WHAT THE EXERCISE ASKS:
What is needed is an exact transcription of the line containing "A medál Tiffany" and every line after it through the end of the entries below, with no pictures.

### LISTED ENTRIES

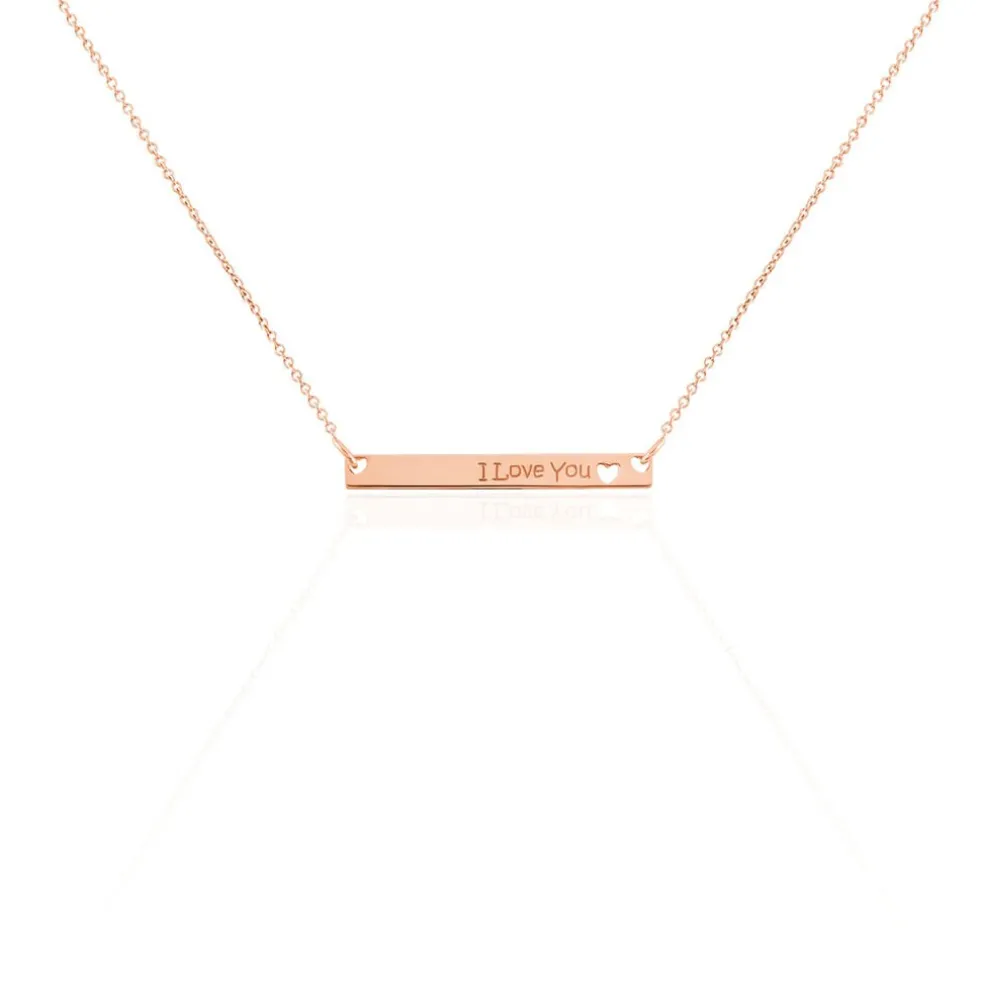 Collier Argent Rose Forme Barrette Message I Love You C艙ur Ajoure 42cm
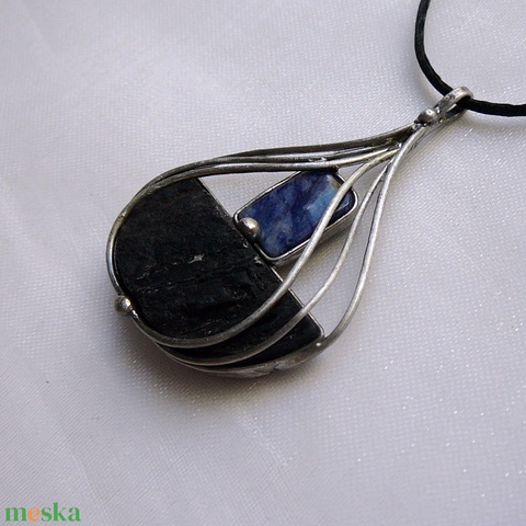 A medál Tiffany technikával készült nyars fekete turmalin ( sörl ) szodalit és ólommentes, ezüsttartalmú ón felhasználásával. A díszítés szintén saját készítésű, nem tartalmaz gyári elemeket. A fémrészt óezüstre patináztam, lekezeltem antioxidánssal és lelakkoztam, hogy sokáig szép maradjon.
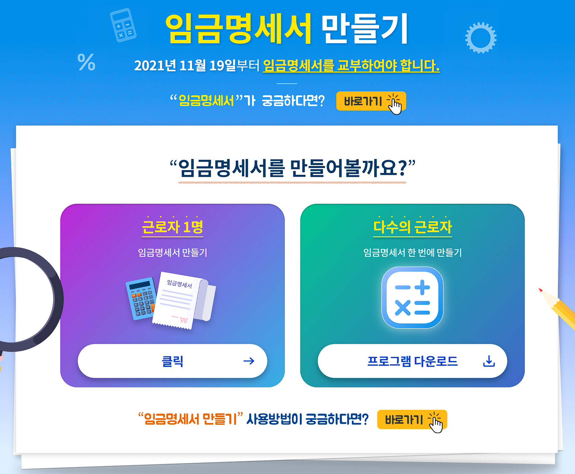 임금명세서 만들기는 근로자 1명에 대한 임금명세서를 하나씩 직접 작성하는 개별 작성법과 다수의 근로자의 임금명세서를 한번에 만들 수 있는 일괄작성 방식 중에 선택하여 이용하실 수 있습니다.
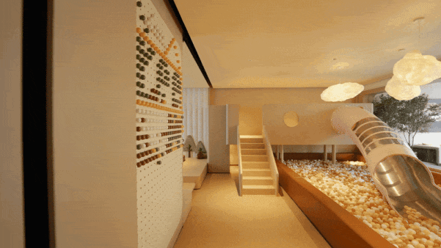 项目通过"景观最大化"设计理念,确保这两栋楼南向直面约400㎡月庭涧镜面水院,东侧衔接约200米滨河漫步道,西向俯瞰悬浮树阵艺术景观,以三面环景的稀缺格局,让业主推窗即享园区最佳景观视野。
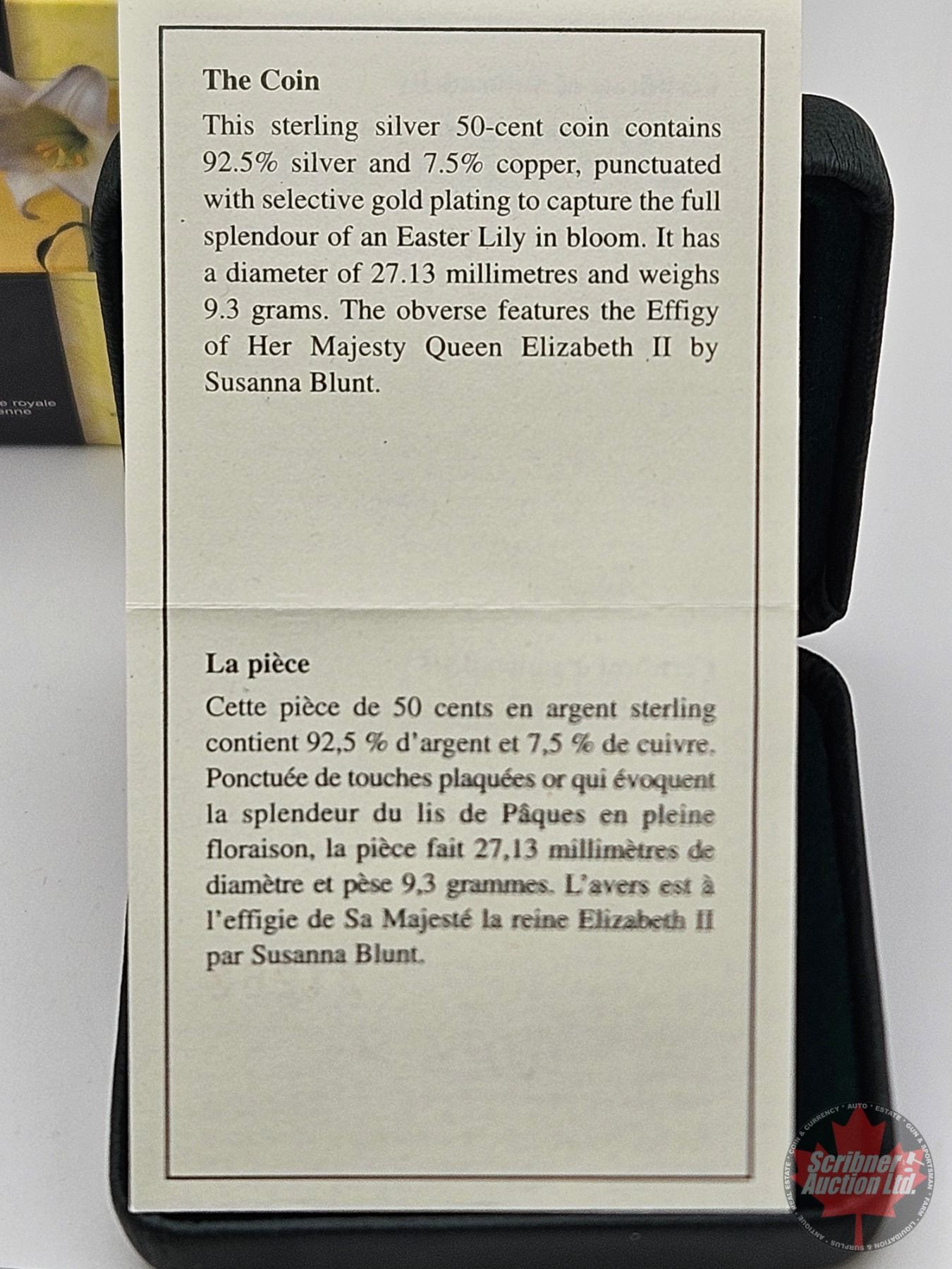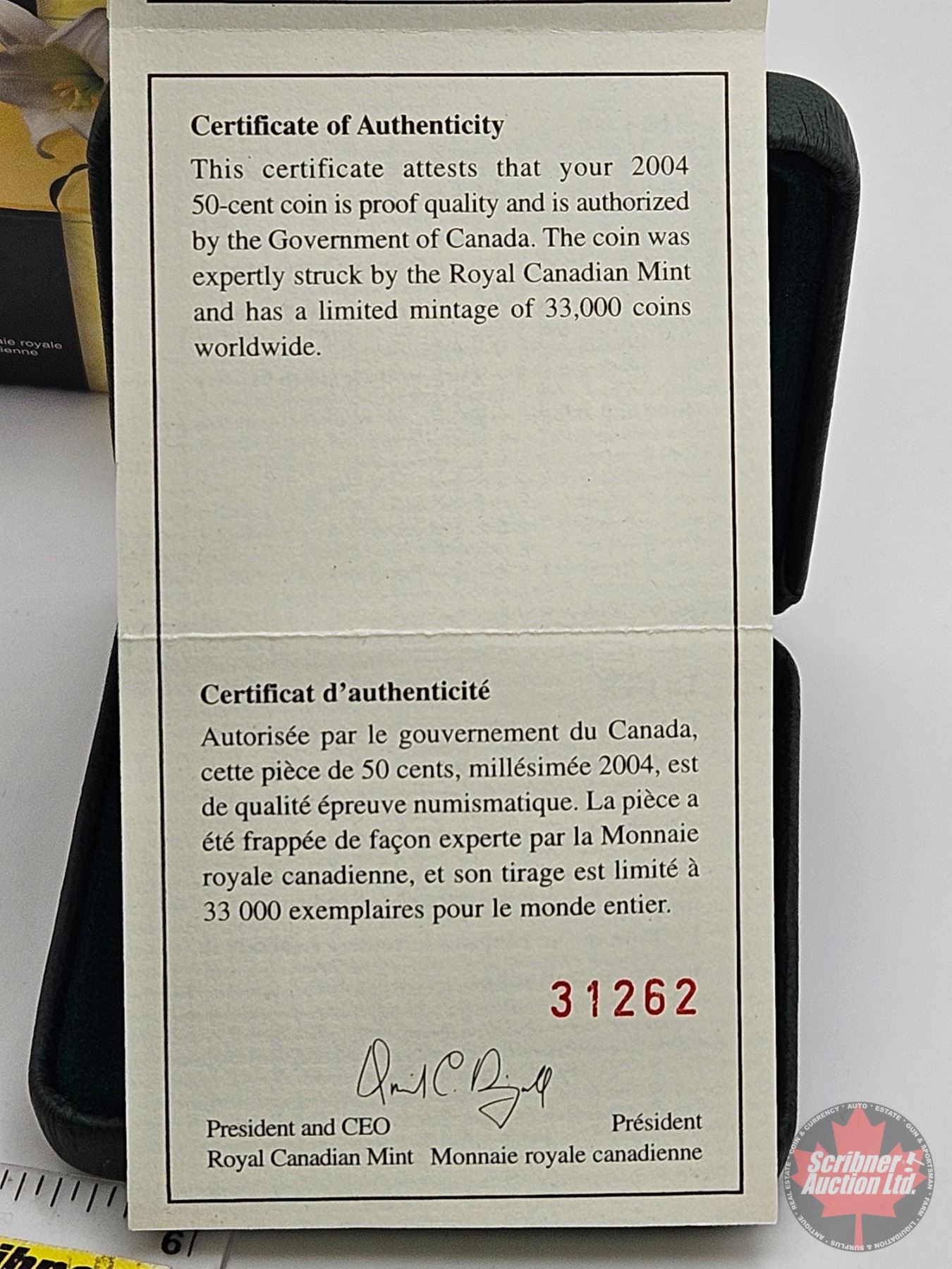 RCM Canada 2004 : Fifty Cent Sterling Silver Coin : Easter Lily (COA #31262) (92.5%)

######

RESPONSE TO THIS TASK:
 A medál Tiffany technikával készült nyars fekete turmalin ( sörl ) szodalit és ólommentes, ezüsttartalmú ón felhasználásával. A díszítés szintén saját készítésű, nem tartalmaz gyári elemeket. A fémrészt óezüstre patináztam, lekezeltem antioxidánssal és lelakkoztam, hogy sokáig szép maradjon.
 임금명세서 만들기는 근로자 1명에 대한 임금명세서를 하나씩 직접 작성하는 개별 작성법과 다수의 근로자의 임금명세서를 한번에 만들 수 있는 일괄작성 방식 중에 선택하여 이용하실 수 있습니다.
 项目通过"景观最大化"设计理念,确保这两栋楼南向直面约400㎡月庭涧镜面水院,东侧衔接约200米滨河漫步道,西向俯瞰悬浮树阵艺术景观,以三面环景的稀缺格局,让业主推窗即享园区最佳景观视野。
 RCM Canada 2004 : Fifty Cent Sterling Silver Coin : Easter Lily (COA #31262) (92.5%)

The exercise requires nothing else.